Learned By Heart – Emma Donoghue, £16.99 hardback
The heartbreaking story of the love of two women – Anne Lister, the real-life inspiration behind Gentleman Jack, and her first love, Eliza Raine. In 1805, at a boarding school in York, two fourteen-year-old girls first meet. Eliza Raine, the orphan daughter of an Indian mother, keeps herself apart from the other girls, tired of being picked out for being different. Anne Lister, a gifted troublemaker, is determined to conquer the world, refusing to bow to society’s expectations of what a woman can do. As they fall in love, the connection they forge will remain with them for the rest of their lives. Full of passion and heartbreak – evocative and wholly unique.
Demon Copperhead – Barbara Kingsolver, £9.99 paperback
Demon Copperhead is a once-in-a-generation novel that breaks and mends your heart in the way only the best fiction can. Demon’s story begins with his traumatic birth to a single mother in a single-wide trailer, looking ‘like a little blue prizefighter.’ For the life ahead of him he would need all of that fighting spirit, along with buckets of charm, a quick wit, and some unexpected talents, legal and otherwise.
In the southern Appalachian Mountains of Virginia, poverty isn’t an idea, it’s as natural as the grass grows. For a generation growing up in this world, at the heart of the modern opioid crisis, addiction isn’t an abstraction, it’s neighbours, parents, and friends. ‘Family’ could mean love, or reluctant foster care. For Demon, born on the wrong side of luck, the affection and safety he craves is as remote as the ocean he dreams of seeing one day. The wonder is in how far he’s willing to travel to try and get there. Suffused with truth, anger and compassion, this is an epic tale of love, loss and everything in between.
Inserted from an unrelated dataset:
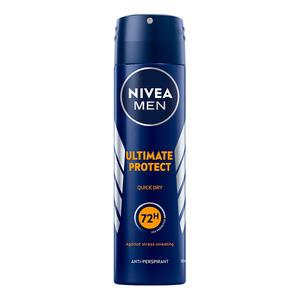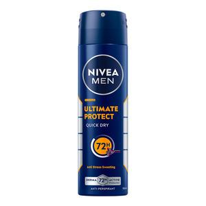 Nivea Men Ultimate Protect Deospray er en antiperspirant deodorant som holder deg tørr i opptil 72 timer. Deodoranten gir effektiv beskyttelse mot svette og lukt, slik at du kan føle deg frisk hele dagen. Den gir optimal beskyttelse i stressende situasjoner og inneholder Zinc complex. Spraydeodoranten er også dermatologisk testet.

Satoshi Yagisawa – Days at the Morisaki Bookshop, £10.99 paperback
When twenty-five-year-old Takako’s boyfriend reveals he’s marrying someone else, she reluctantly accepts her eccentric uncle Satoru’s offer to live rent-free in the tiny room above his shop. Hidden in Jimbocho, Tokyo, the Morisaki Bookshop is a booklover’s paradise. On a quiet corner in an old wooden building, the shop is filled with hundreds of second-hand books. It is Satoru’s pride and joy, and he has devoted his life to the bookshop since his wife left him five years earlier. Hoping to nurse her broken heart in peace, Takako is surprised to encounter new worlds within the stacks of books lining the shop. And as summer fades to autumn, Satoru and Takako discover they have more in common than they first thought. The Morisaki bookshop has something to teach them both about life, love, and the healing power of books.
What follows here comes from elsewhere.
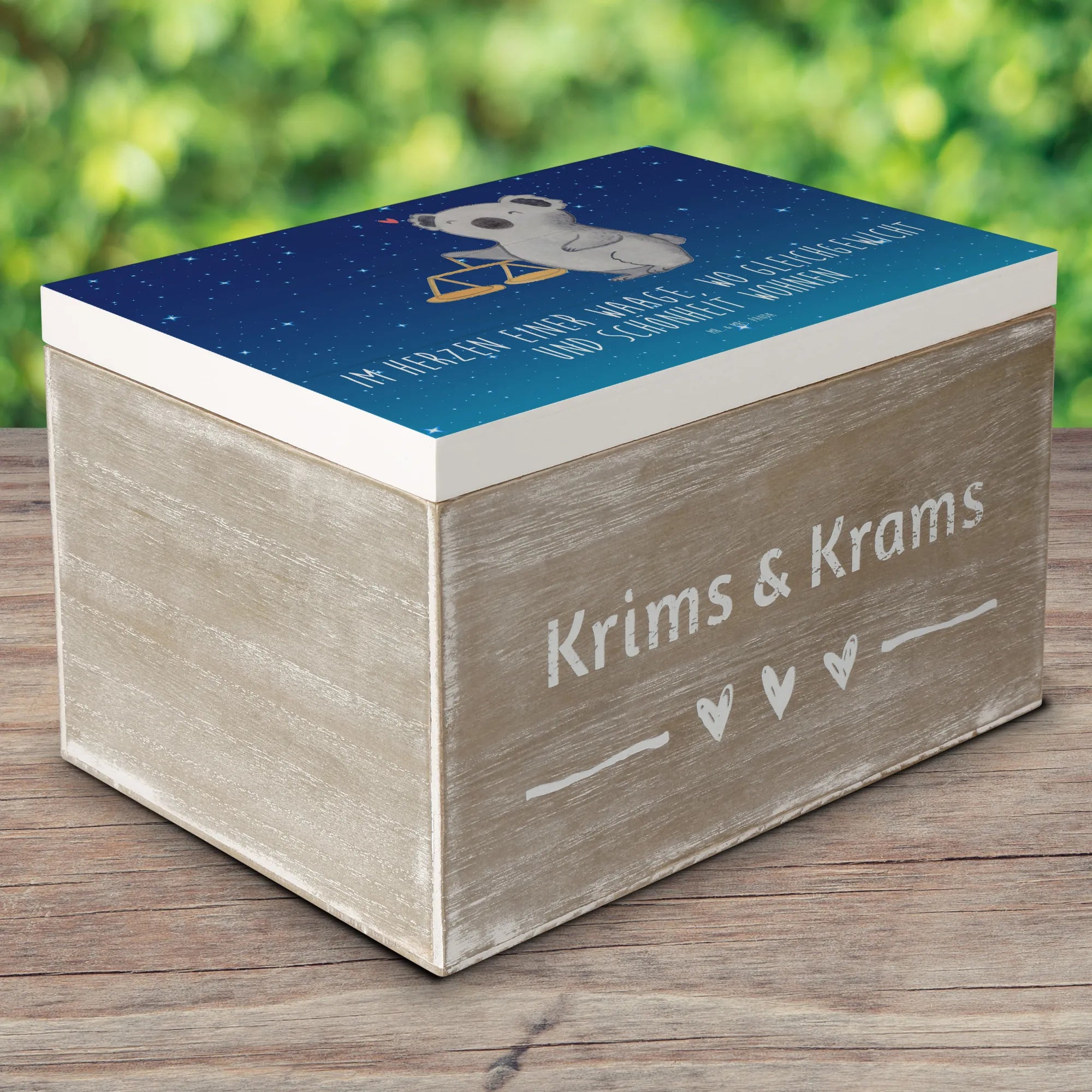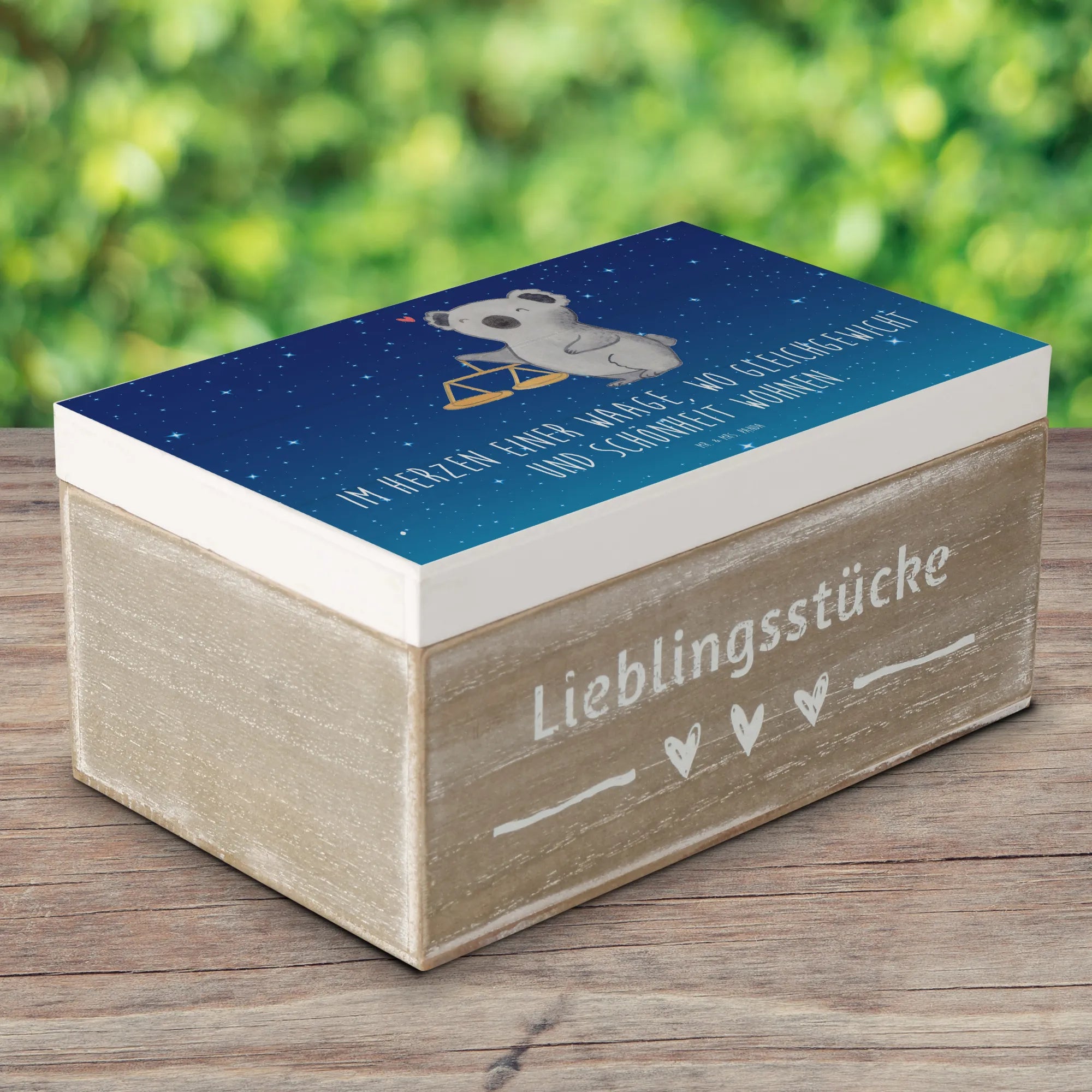 Das handgezeichnete Motiv zeigt einen süßen Koala neben einer eleganten Balkenwaage, das astrologische Symbol für das Sternzeichen Waage. Über dem Koala schwebt ein rotes Herz, das die Liebe und Harmonie widerspiegelt, die mit diesem Zeichen verbunden sind. Der Slogan "Im Herzen einer Waage, wo Gleichgewicht und Schönheit wohnen" verstärkt den sentimentalen Wert dieser Kiste.

Dinner at the Homesick Restaurant – Anne Tyler, £9.99 paperback
Through every family run memories which bind it together – despite everything. The Tulls of Baltimore are no exception. Abandoned by her salesman husband, Pearl is left to bring up her three children alone – Cody, a flawed devil, Ezra, a flawed saint, and Jenny, errant and passionate. Now, as Pearl lies dying, stiffly encased in her pride and solitude, the past is unlocked and with it its secrets.
The Queen of Dirt Island – Donal Ryan, £9.99 paperback
This is a story about family, about all of the things it should be – and sometimes isn’t. In Nenagh, County Tipperary, four generations of Aylward women live and love. The head of the family, Nana, is a woman who has buried two sons and whose life has been the family farm. Her daughter-in-law, Eileen, is estranged from her own parents, having ‘shamed’ them and given birth to Saoirse. And then there’s Saoirse herself, eavesdropping on lives she cannot comprehend. It is only when they must battle for the inheritance of Dirt Island – a narrow strip of land adjacent to Eileen’s childhood home – that they truly understand the roots that bind their lives together.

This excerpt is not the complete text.